RF: Absolutely. It is a real testament of what allyship gets to look like. Right now there are bold allies out there saying hey, I’m here. And there are Black people with privilege, like me, sitting at the forefront of having those allies. What is being asked is for allies to put their money, effort, or time where their hearts are, but at the same time there’s an opportunity for Black leaders to say, let’s do this together and be the guide and leader who allows these allies to step into their own power. We get to open that door.
MC: Yeah. That came in a moment where I recognized my responsibility was to be supportive of my Black friends and educate myself and my community. It’s not the responsibility of people of color to educate white people about how they should be treated, it’s the responsibility of white people to challenge the biases that we see in ourselves, in our community members, and our family. I was feeling discouraged by the biases I had become aware of within my own circle, that I had not been bold enough to challenge in the past, and I was trying to have conversations that felt impossible. And then suddenly there was this opportunity to create something with Rakia that not only was a tool for myself, but also a tool that I could equip my family and community with.
MC: I cannot imagine the pain of having to make that choice that you’ve made for your son. And that just deepens my commitment to building that world where there’s not the choice to be made. Where your son is not looked at as a threat and my daughter is not looked at as a piece of flesh for somebody to take advantage of.

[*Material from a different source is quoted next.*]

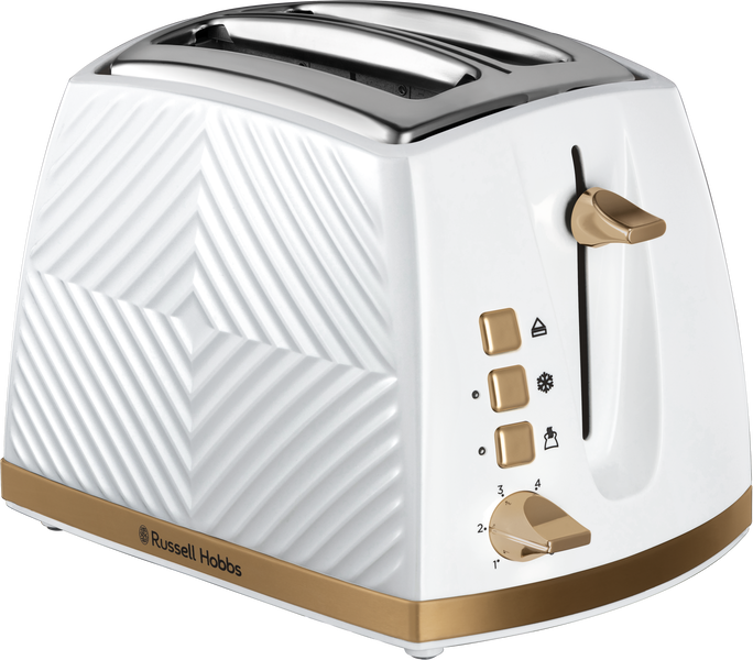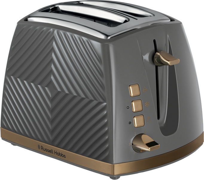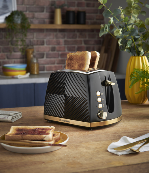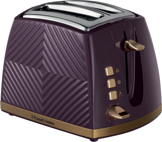 The Russell Hobbs 2-slice Groove Toaster combines design credentials with technical functions such as frozen, reheat and cancel functions, a high lift to save your fingers, and a crumb tray to keep things tidy. Wider slots and a 6-shade browning dial give you loads more toasting choices.

They’re both seen as beautiful creatures. Giving them that opportunity is a huge responsibility that we both do not take lightly, but also are willing to do what it takes to make that possibility a reality.
MC: Rakia, thank you for the strength that you have brought me in the last several months. It’s been such a privilege to be a friend of yours, and to be supported by you, and to see what motherhood can look like.
RF: Thank you, too. Thank you for saying yes. I’m really proud of both of us, and I acknowledge both of us for being able to be the mothers that we want to be. And we get to show this whole world that mothers and women get to birth change.